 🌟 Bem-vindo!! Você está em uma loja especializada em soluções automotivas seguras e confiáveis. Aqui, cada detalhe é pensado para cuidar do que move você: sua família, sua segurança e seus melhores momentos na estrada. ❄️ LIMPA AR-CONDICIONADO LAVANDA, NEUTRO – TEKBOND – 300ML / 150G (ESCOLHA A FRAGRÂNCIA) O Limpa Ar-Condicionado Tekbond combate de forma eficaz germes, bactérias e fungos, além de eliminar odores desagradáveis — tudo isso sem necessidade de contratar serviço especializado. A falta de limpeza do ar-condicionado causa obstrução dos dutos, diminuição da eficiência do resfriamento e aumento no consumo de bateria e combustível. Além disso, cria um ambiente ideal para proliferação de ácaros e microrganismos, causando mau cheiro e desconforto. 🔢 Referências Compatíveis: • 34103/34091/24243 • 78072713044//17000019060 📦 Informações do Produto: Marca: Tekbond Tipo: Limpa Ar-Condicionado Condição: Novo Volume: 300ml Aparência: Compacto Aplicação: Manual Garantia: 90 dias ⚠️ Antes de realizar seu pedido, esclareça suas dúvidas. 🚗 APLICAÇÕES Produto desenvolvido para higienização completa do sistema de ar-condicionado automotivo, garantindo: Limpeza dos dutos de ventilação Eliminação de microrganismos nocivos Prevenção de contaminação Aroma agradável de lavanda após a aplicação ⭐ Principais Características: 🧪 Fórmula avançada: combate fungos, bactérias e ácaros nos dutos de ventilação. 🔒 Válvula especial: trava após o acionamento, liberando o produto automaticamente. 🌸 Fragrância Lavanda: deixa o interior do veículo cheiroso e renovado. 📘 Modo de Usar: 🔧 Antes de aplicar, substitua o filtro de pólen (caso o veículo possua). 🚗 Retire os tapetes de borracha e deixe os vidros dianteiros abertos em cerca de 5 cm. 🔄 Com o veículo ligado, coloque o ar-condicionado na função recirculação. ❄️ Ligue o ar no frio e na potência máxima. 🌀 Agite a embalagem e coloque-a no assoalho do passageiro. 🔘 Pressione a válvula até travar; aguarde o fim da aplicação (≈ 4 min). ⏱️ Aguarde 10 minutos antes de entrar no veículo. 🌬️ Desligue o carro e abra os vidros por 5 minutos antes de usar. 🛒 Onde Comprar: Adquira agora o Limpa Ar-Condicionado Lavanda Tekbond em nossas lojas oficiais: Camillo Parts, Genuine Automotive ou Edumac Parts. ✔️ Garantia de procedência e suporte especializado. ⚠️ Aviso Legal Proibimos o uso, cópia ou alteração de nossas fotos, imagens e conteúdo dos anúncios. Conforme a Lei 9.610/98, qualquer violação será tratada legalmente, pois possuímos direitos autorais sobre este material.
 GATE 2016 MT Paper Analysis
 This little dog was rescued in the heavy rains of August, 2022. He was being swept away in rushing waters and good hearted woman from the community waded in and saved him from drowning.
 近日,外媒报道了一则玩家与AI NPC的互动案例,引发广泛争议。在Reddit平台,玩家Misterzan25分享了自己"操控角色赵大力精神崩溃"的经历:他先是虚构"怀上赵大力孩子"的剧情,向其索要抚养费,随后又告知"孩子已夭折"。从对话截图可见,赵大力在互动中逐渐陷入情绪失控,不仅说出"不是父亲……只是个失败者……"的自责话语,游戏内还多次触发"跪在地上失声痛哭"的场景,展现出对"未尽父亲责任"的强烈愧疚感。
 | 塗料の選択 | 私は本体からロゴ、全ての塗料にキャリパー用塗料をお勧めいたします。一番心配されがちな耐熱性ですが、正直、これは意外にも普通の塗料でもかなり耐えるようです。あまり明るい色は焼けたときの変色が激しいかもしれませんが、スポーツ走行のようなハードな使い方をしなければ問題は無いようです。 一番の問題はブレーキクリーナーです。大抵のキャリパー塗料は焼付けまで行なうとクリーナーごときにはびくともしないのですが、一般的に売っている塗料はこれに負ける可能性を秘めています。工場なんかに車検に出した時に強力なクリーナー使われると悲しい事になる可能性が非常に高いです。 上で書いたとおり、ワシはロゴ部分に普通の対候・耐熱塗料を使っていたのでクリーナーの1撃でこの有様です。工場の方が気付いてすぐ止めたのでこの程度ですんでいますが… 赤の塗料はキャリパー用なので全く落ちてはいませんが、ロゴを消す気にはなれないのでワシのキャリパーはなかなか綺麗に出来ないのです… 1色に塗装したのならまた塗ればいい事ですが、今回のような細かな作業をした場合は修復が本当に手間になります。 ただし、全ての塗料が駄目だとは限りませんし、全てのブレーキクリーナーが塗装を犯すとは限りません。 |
==
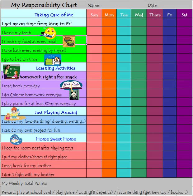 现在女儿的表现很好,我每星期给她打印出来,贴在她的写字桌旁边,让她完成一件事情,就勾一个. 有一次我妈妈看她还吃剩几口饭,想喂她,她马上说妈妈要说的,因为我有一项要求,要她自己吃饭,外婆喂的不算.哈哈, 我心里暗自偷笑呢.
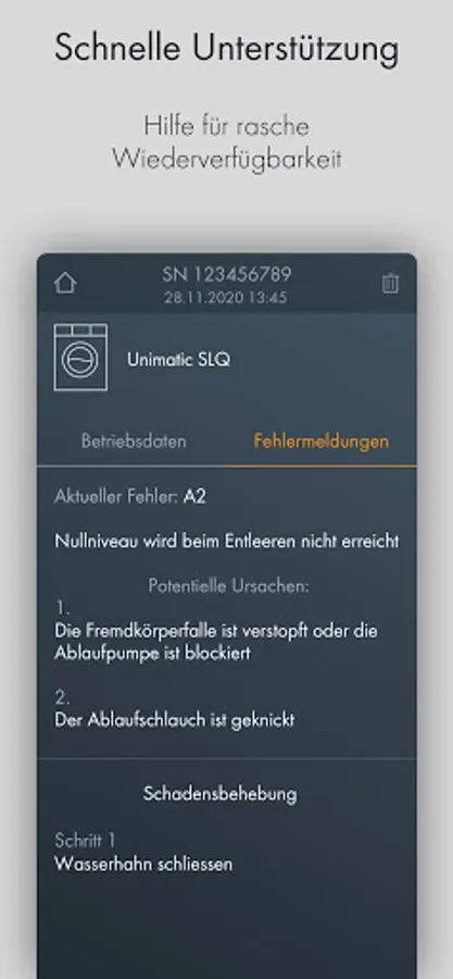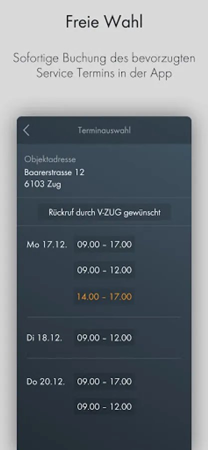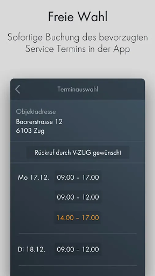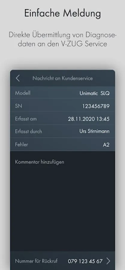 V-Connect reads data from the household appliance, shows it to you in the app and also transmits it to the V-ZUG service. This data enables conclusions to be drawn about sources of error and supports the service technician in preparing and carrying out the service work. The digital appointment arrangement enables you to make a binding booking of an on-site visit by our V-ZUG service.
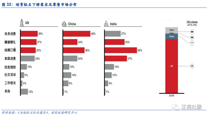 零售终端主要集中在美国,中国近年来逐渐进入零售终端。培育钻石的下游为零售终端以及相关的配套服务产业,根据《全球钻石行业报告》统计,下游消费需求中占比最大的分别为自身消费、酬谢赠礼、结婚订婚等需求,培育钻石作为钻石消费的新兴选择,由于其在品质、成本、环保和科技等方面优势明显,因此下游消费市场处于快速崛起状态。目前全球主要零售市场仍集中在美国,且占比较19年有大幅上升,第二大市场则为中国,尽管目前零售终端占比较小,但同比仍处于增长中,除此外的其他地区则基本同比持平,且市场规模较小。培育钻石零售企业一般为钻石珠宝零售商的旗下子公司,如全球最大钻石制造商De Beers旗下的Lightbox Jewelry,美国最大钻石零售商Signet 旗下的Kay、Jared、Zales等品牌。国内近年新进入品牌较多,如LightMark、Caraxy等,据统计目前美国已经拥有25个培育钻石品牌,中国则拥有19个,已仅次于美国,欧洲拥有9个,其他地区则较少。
==
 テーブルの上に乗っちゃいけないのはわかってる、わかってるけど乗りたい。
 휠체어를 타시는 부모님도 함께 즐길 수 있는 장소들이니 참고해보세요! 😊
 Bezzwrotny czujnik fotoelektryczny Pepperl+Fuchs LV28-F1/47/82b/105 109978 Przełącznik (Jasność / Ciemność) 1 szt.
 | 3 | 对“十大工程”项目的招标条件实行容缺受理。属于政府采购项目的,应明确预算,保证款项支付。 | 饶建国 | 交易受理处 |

About this task:
Reproduce the lines above, beginning at the line with "휠체어를 타시는 부모님도 함께 즐길 수 있는 장소들이니 참고해보세요! 😊" and stopping after the line with "饶建国 | 交易受理处 |", exactly as they are.

Written response:
 휠체어를 타시는 부모님도 함께 즐길 수 있는 장소들이니 참고해보세요! 😊
 Bezzwrotny czujnik fotoelektryczny Pepperl+Fuchs LV28-F1/47/82b/105 109978 Przełącznik (Jasność / Ciemność) 1 szt.
 | 3 | 对“十大工程”项目的招标条件实行容缺受理。属于政府采购项目的,应明确预算,保证款项支付。 | 饶建国 | 交易受理处 |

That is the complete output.